Tuesday, December 30, 2008

Shaklee Loses Major Endorser

Shaklee Loses Major Endorser
Harvard Anti-Aging Researcher Quits Board

December 30th, 2008
A prominent Harvard Medical School scientist quit the scientific advisory board of Shaklee last week claiming they misused his name to promote one of their anti-aging drink products.

David Sinclair, a geneticist who conducts longevity research, joined Shaklee's advisory board last August and has spoken at a Shaklee convention about the antioxidant resveratrol, which is an ingredient in Shaklee's Vivix drink product. When The Wall Street Journal contacted Sinclair and questioned his apparent endorsement of this product he resigned from his position with Shaklee. Sinclair told the WSJ, "This decision was prompted in significant part by my recent realization as to how my association with Shaklee and my research have been used contrary to the intents and purposes of my agreement... To my dismay I have found numerous uses of my name and reputation on the Web and in other media that implies endorsement by me of Shaklee's Vivix product". Although no legal action has yet been taken, Sinclair is quoted in The WSJ as stating, "I have engaged counsel to deal with this matter and have demanded that Shaklee cease using my name."
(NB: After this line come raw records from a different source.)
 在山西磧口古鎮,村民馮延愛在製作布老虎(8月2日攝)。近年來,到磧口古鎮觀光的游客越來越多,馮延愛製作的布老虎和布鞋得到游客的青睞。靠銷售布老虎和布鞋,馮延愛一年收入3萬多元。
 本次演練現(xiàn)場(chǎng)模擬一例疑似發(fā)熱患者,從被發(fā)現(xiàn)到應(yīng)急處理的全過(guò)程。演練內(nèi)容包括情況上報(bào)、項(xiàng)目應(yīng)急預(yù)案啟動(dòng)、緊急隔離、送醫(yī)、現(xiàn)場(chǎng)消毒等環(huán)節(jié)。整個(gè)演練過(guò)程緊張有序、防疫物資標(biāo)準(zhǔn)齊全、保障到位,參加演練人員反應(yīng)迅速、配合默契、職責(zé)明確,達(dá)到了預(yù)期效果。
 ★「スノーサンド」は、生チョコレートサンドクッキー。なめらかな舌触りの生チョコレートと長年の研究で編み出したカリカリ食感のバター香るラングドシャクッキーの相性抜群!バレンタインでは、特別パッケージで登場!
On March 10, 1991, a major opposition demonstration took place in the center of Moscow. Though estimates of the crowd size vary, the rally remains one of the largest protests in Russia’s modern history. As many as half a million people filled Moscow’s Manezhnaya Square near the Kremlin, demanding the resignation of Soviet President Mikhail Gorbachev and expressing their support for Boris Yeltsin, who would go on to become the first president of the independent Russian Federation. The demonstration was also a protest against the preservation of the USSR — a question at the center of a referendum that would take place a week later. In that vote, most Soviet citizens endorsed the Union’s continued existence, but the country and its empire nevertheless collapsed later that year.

In a statement to The WSJ, Shaklee disagreed with Sinclair saying, "every implied product endorsement was in Dr. Sinclair's own words, and every Shaklee use of his name - whether in print or video - was preapproved by him in keeping with our agreement."
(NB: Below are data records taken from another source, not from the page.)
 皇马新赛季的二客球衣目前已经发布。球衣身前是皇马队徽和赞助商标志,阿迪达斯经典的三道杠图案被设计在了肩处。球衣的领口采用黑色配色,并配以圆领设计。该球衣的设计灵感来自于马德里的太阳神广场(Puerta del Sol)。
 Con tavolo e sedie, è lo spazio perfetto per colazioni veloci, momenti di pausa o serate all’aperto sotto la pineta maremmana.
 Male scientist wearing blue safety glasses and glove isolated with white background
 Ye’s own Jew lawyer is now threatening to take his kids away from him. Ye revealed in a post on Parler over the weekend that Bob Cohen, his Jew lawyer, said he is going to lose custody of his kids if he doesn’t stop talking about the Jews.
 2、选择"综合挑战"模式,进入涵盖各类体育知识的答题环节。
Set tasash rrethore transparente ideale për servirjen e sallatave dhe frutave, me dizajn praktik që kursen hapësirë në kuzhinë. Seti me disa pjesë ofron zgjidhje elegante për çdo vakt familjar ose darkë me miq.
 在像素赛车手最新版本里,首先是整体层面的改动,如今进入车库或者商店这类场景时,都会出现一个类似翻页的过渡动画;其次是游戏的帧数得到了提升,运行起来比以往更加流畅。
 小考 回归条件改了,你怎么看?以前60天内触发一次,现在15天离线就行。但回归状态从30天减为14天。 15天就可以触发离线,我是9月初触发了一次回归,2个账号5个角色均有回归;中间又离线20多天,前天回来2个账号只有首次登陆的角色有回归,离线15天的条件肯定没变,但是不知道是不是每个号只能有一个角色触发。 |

A Harvard spokesman said the agreement between Sinclair and Shaklee was reviewed by Harvard, and confirmed that "The Harvard name is not allowed to be used to endorse products, and faculty and researchers are not allowed to use their affiliation as a means to endorse a product."

The Wall Street Journal article can be viewed here:



Did Shaklee corporate overstep the boundaries of their agreement with Dr. Sinclair? Did Dr. Sinclair "endorse" Shaklee's Vivix product?

Well, thanks to the advent of cell phone video we don't have to wonder. Just watch HERE.

Although Dr. Sinclair never specifically mentions the Vivix brand, he does pretty clearly imply that he's talking about a specific Shaklee product, or products. Dr. Sinclair will likely have to answer to Harvard as to whether there was a conflict of interest here, and the fact Sinclair was paid to be on Shaklee's board probably won't help his case.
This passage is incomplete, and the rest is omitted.